** Data for review follows **
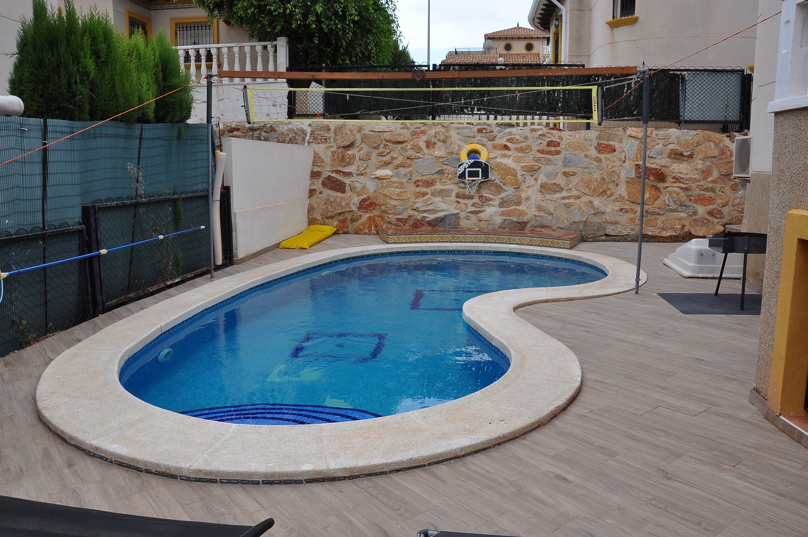 Einbýlishús til orlofs- eða vetrarleigu á góðum stað í Lomas de Cabo Roig. Húsið samanstendur af 3 svefnherbergjum, 1 baðherbergi, fullbúnu eldhúsi og stofu/borðstofu. Í einu svefnherbergi er hjónarúm, í öðru eru 2 einstaklingsrúm og í því þriðja er einstaklingsrúm og koja. Útgengt er í garð þar sem er einkasundlaug. Loftkæling er í húsinu og eru gæludýr leyfð.
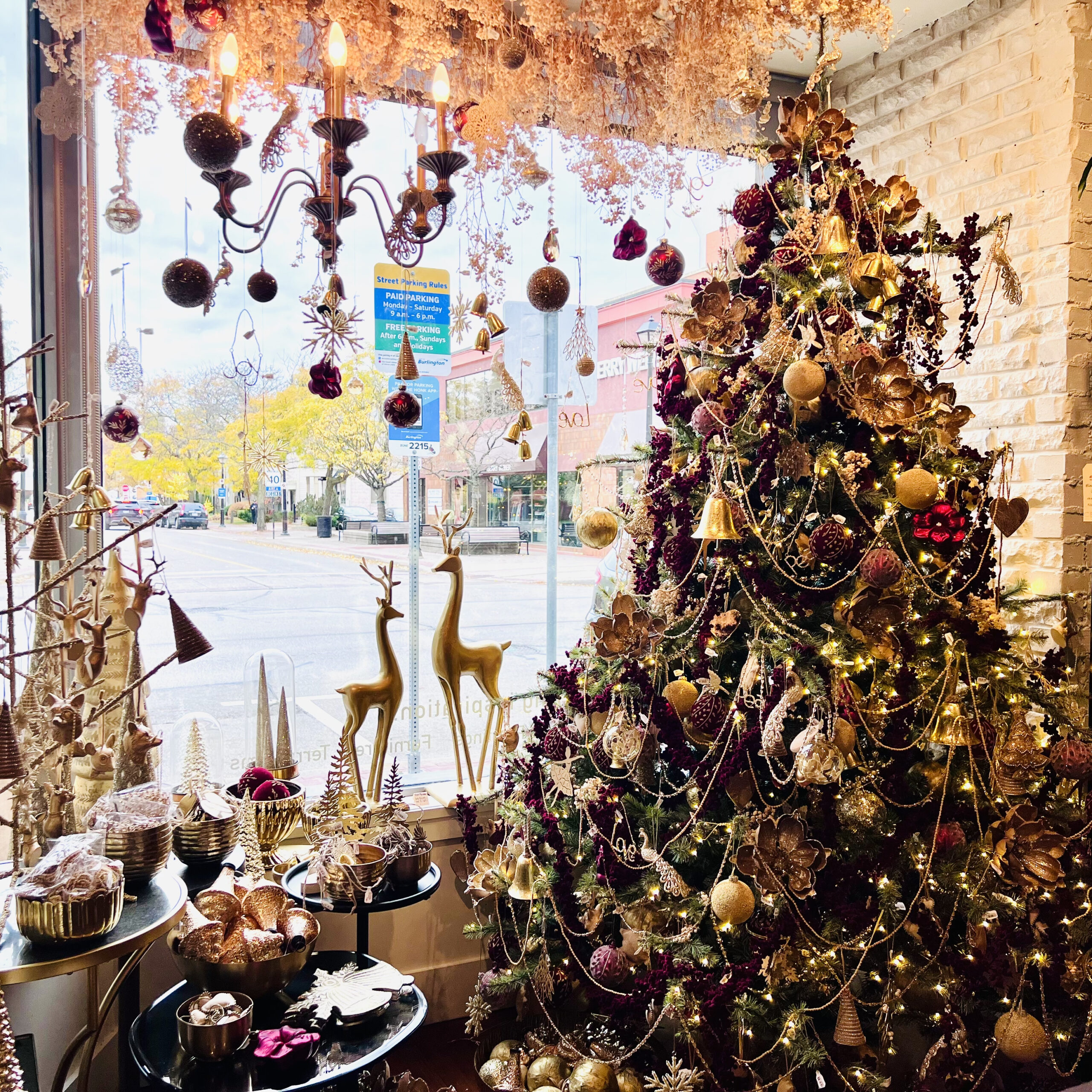 Our gold and burgundy section is timeless holiday cheer. The warm metallic and deep red tones fill the space with a rich and cozy glow. Each ornament adds sophistication with a touch of warmth. This display is made for those who love classic elegance.
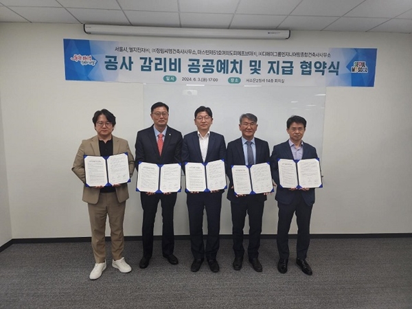 서울시는 `감리비 공공예치ㆍ지급 제도` 추진을 위해 지난 3일 시 허가 공사장 2개소와 서울시-건축주-감리자 3자 업무협약을 체결했다고 밝혔다. 협약을 맺은 2개 공사장을 시작으로 내달부터는 시내 25개 전 자치구로 제도가 확대된다.
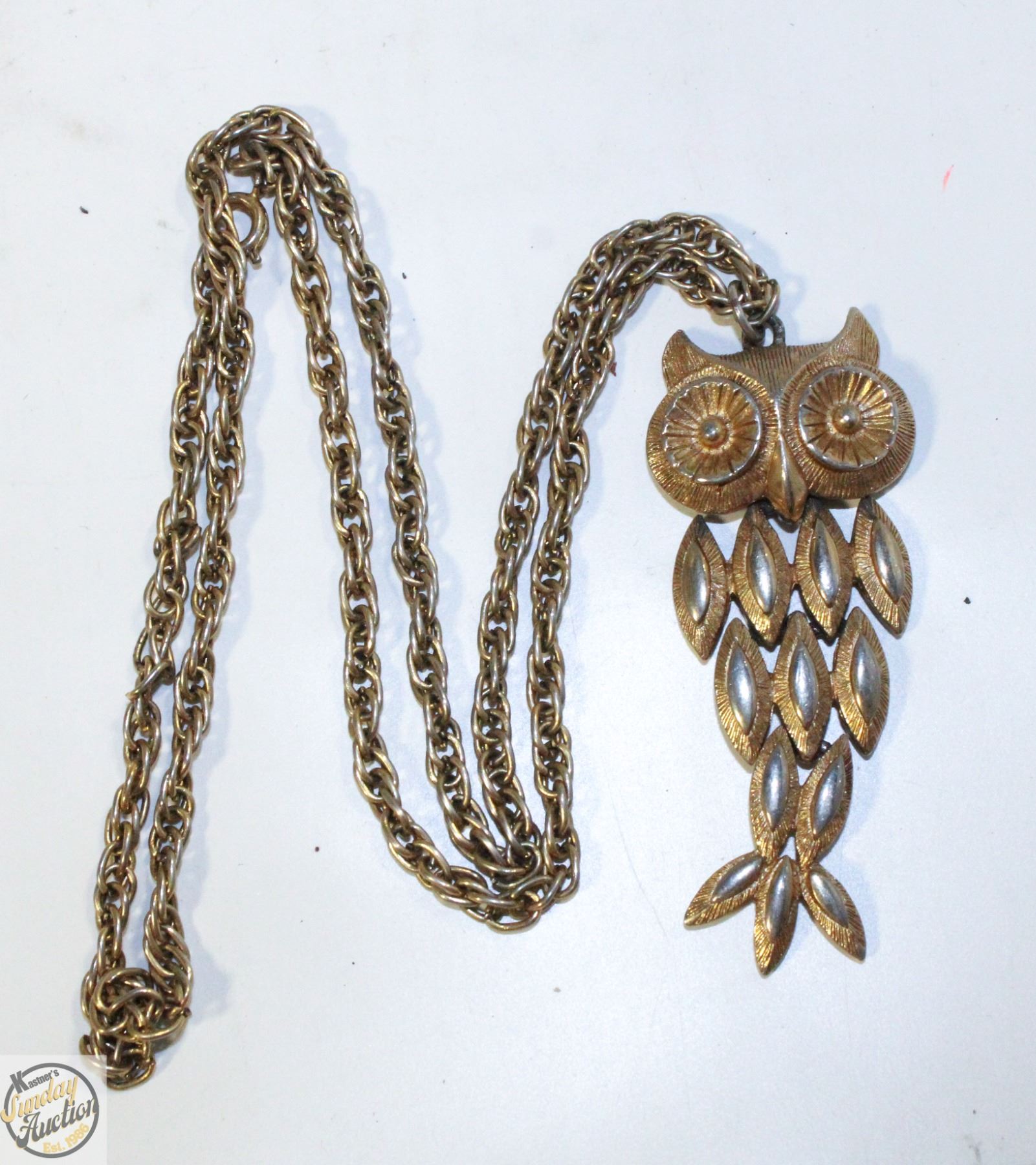 GOLD TONE OWL IN FISH SHAPE PENDANT NECKLACE
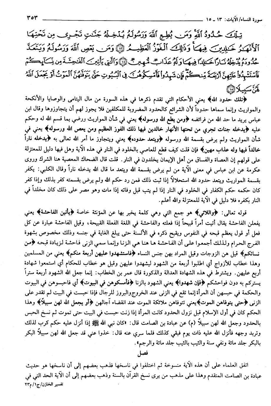 تِلْكَ حُدُودُ اللَّهِ وَمَنْ يُطِعِ اللَّهَ وَرَسُولَهُ يُدْخِلْهُ جَنَّاتٍ تَجْرِي مِنْ تَحْتِهَا الْأَنْهارُ خالِدِينَ فِيها وَذلِكَ الْفَوْزُ الْعَظِيمُ (13) وَمَنْ يَعْصِ اللَّهَ وَرَسُولَهُ وَيَتَعَدَّ حُدُودَهُ يُدْخِلْهُ ناراً خالِداً فِيها وَلَهُ عَذابٌ مُهِينٌ (14) وَاللاَّتِي يَأْتِينَ الْفاحِشَةَ مِنْ نِسائِكُمْ فَاسْتَشْهِدُوا عَلَيْهِنَّ أَرْبَعَةً مِنْكُمْ فَإِنْ شَهِدُوا فَأَمْسِكُوهُنَّ فِي الْبُيُوتِ حَتَّى يَتَوَفَّاهُنَّ الْمَوْتُ أَوْ يَجْعَلَ اللَّهُ لَهُنَّ سَبِيلاً (15)
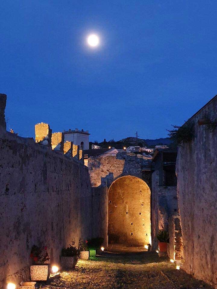Fu fatto edificare nel 1590 dal conte Stefano Cottone, importante mercante e banchiere, come riportato nella frase dell’epigrafe che sormonta il portale del bastione sud-est: “[…] a difesa dalle incursioni da terra e dal mare, Stefano Cottone, IV signore di Bauso, eresse le mura dalle fondamenta […] nel 1590 […]”. Qui i Vicerè di Sicilia venivano accolti e si riposavano durante i loro viaggi da Palermo a Messina. Nel secolo XVII i conti Cottone furono investiti del titolo di principe e con l’ultimo principe di Castel Nuovo com’era definito il castello-palazzo, Carlo Cottone, si estinse la famiglia e nel 1819 tutto il complesso, insieme alla Terra di Bauso e al titolo di “Principe di Castelnuovo”, venne acquistato per 9.000 onze dall’ex giudice della Gran Corte Civile di Palermo, Domenico Marcello Pettini. Nel 1926 il castello fu venduto al notaio Pietro Saja che, dopo avervi fatto eseguire alcuni lavori di restauro, ne fece dono personale a Benito Mussolini. Venne, quindi, destinato a sede della Gioventù Italiana Littorio e per tanti anni si trascinò un contenzioso fra lo Stato e gli eredi Saja che ne contestavano la legittima proprietà. Oggi è di proprietà della Regione Siciliana.
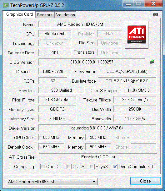 AMDs Gegenentwurf zu Nvidias SLI nennt sich CrossFire. Zwei Radeon HD 6970M-GPUs stellen momentan die Speerspitze von AMDs Portfolio dar. Die DirectX 11 fähige und im modernen 40 nm Verfahren produzierte Radeon HD 6970M hört auf den schicken Codenamen Blackcomb XT und ist mit 960 Unified Shadern (nicht direkt mit Nvidia vergleichbar) ausgestattet. Die Taktraten können sich durchweg sehen lassen, 680 MHz (Kern) und 900 MHz (Speicher) sind relativ viel. Wie bei der GeForce GTX 485M ist auch der Videospeicher der Radeon HD 6970M üppige 2048 MByte groß (GDDR5), das Interface beträgt wiederum 256 Bit.
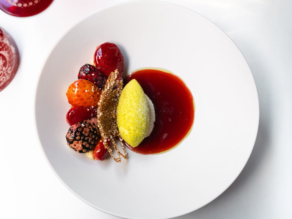 中央のわさびのジェラートと相まって、甘すぎることのないあっさりとしたデザートだった。焼いたり、キャラメリゼしたり、さまざまなスタイルのイチゴを添えて。
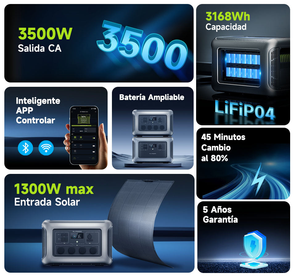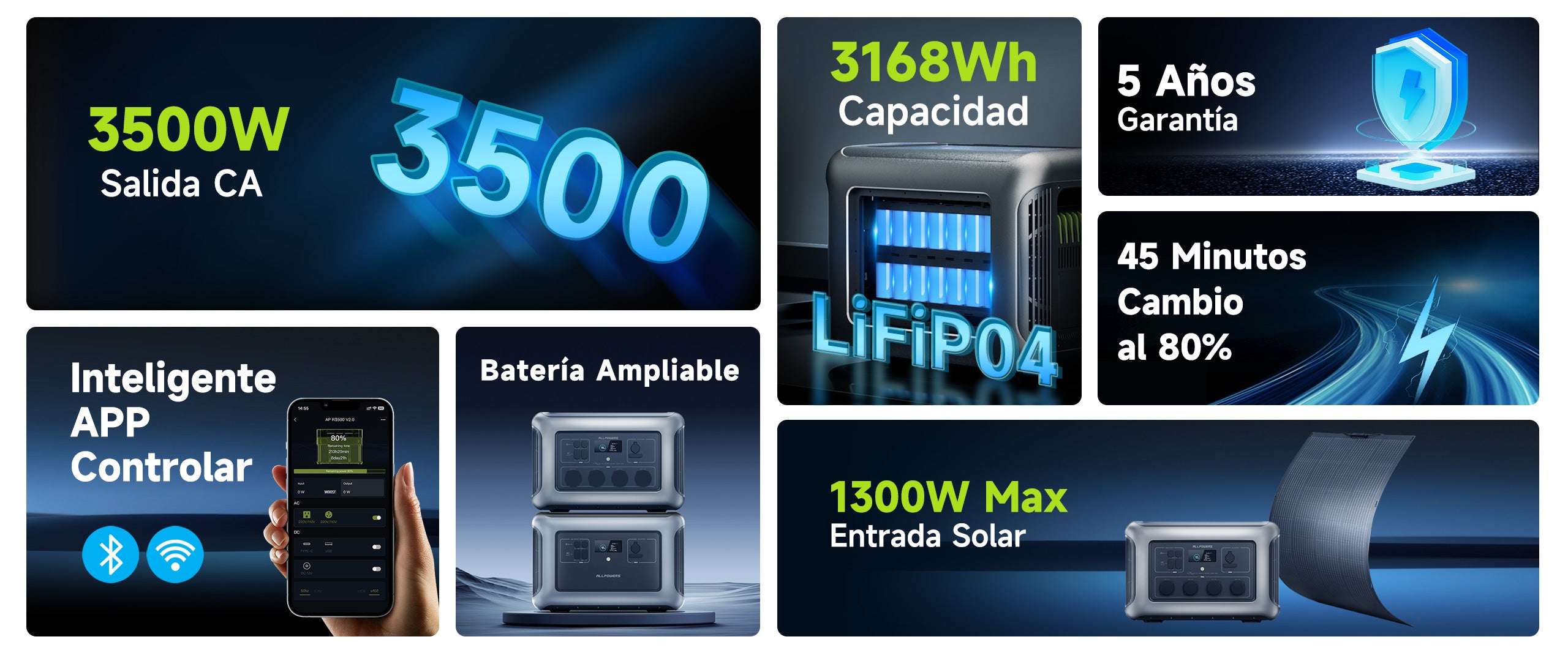- Batería LiFeP04 de larga duración con más de 3500 ciclos de carga;
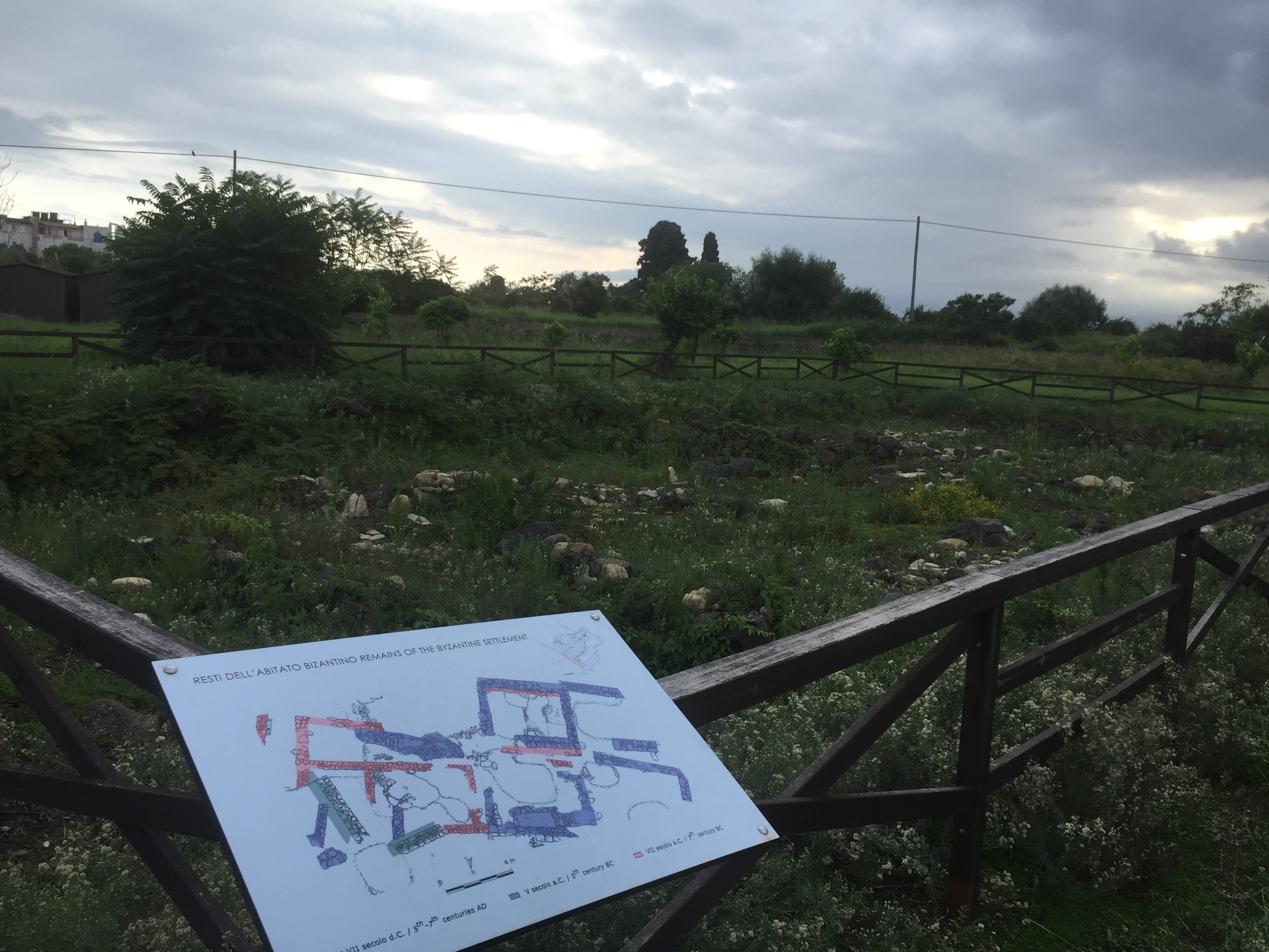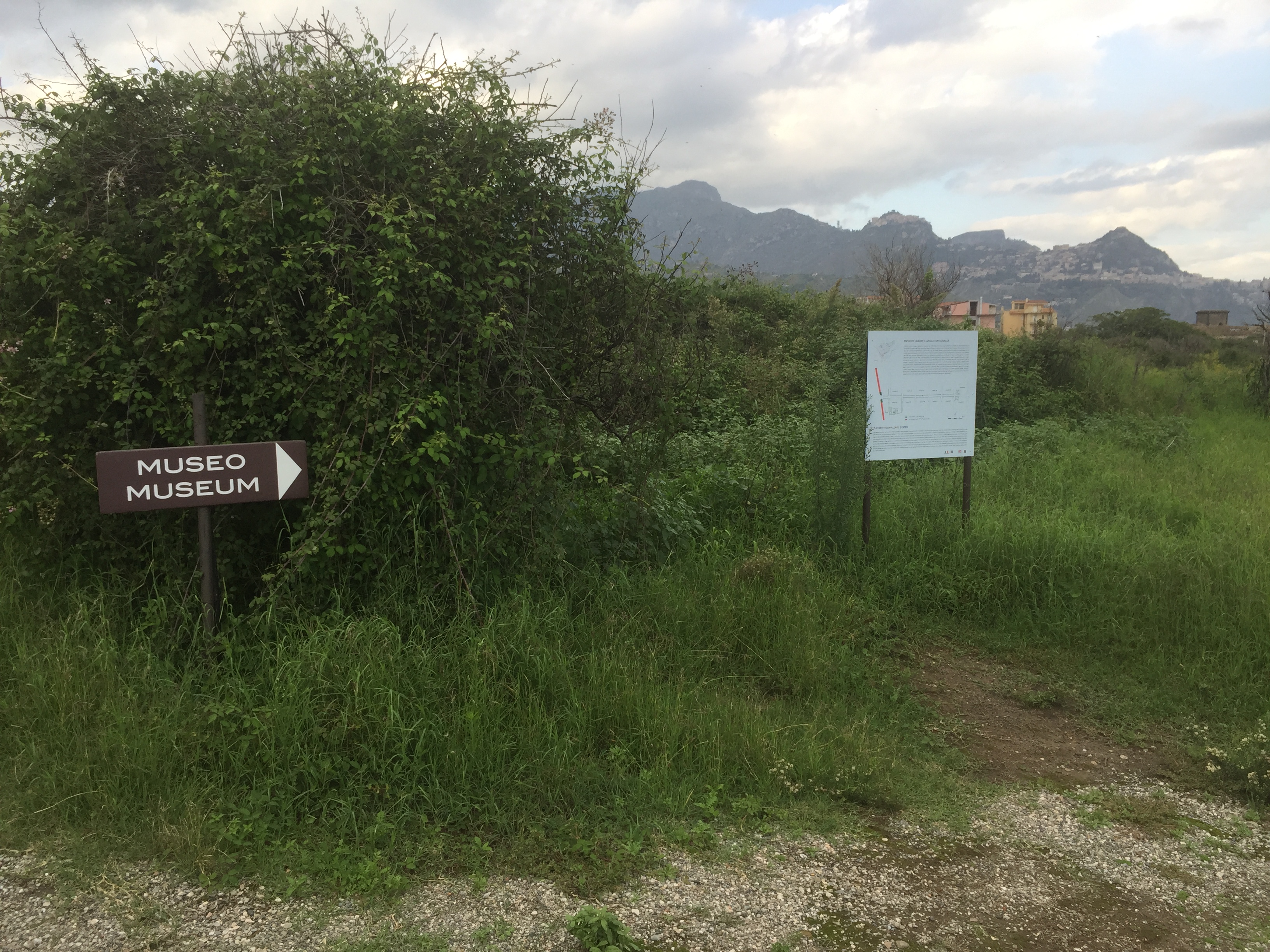GIARDINI NAXOS : Un Parco archeologico sepolto da erbe e sterpaglie.Capannoni e degrado completano la cornice
** End of Data for review **
**Task**
Return, exactly as they stand, the lines above from the one with "GOLD TONE OWL IN FISH SHAPE PENDANT NECKLACE" to the one with "تِلْكَ حُدُودُ اللَّهِ", omitting any pictures among them.

**Solved exercise**
 GOLD TONE OWL IN FISH SHAPE PENDANT NECKLACE
 تِلْكَ حُدُودُ اللَّهِ وَمَنْ يُطِعِ اللَّهَ وَرَسُولَهُ يُدْخِلْهُ جَنَّاتٍ تَجْرِي مِنْ تَحْتِهَا الْأَنْهارُ خالِدِينَ فِيها وَذلِكَ الْفَوْزُ الْعَظِيمُ (13) وَمَنْ يَعْصِ اللَّهَ وَرَسُولَهُ وَيَتَعَدَّ حُدُودَهُ يُدْخِلْهُ ناراً خالِداً فِيها وَلَهُ عَذابٌ مُهِينٌ (14) وَاللاَّتِي يَأْتِينَ الْفاحِشَةَ مِنْ نِسائِكُمْ فَاسْتَشْهِدُوا عَلَيْهِنَّ أَرْبَعَةً مِنْكُمْ فَإِنْ شَهِدُوا فَأَمْسِكُوهُنَّ فِي الْبُيُوتِ حَتَّى يَتَوَفَّاهُنَّ الْمَوْتُ أَوْ يَجْعَلَ اللَّهُ لَهُنَّ سَبِيلاً (15)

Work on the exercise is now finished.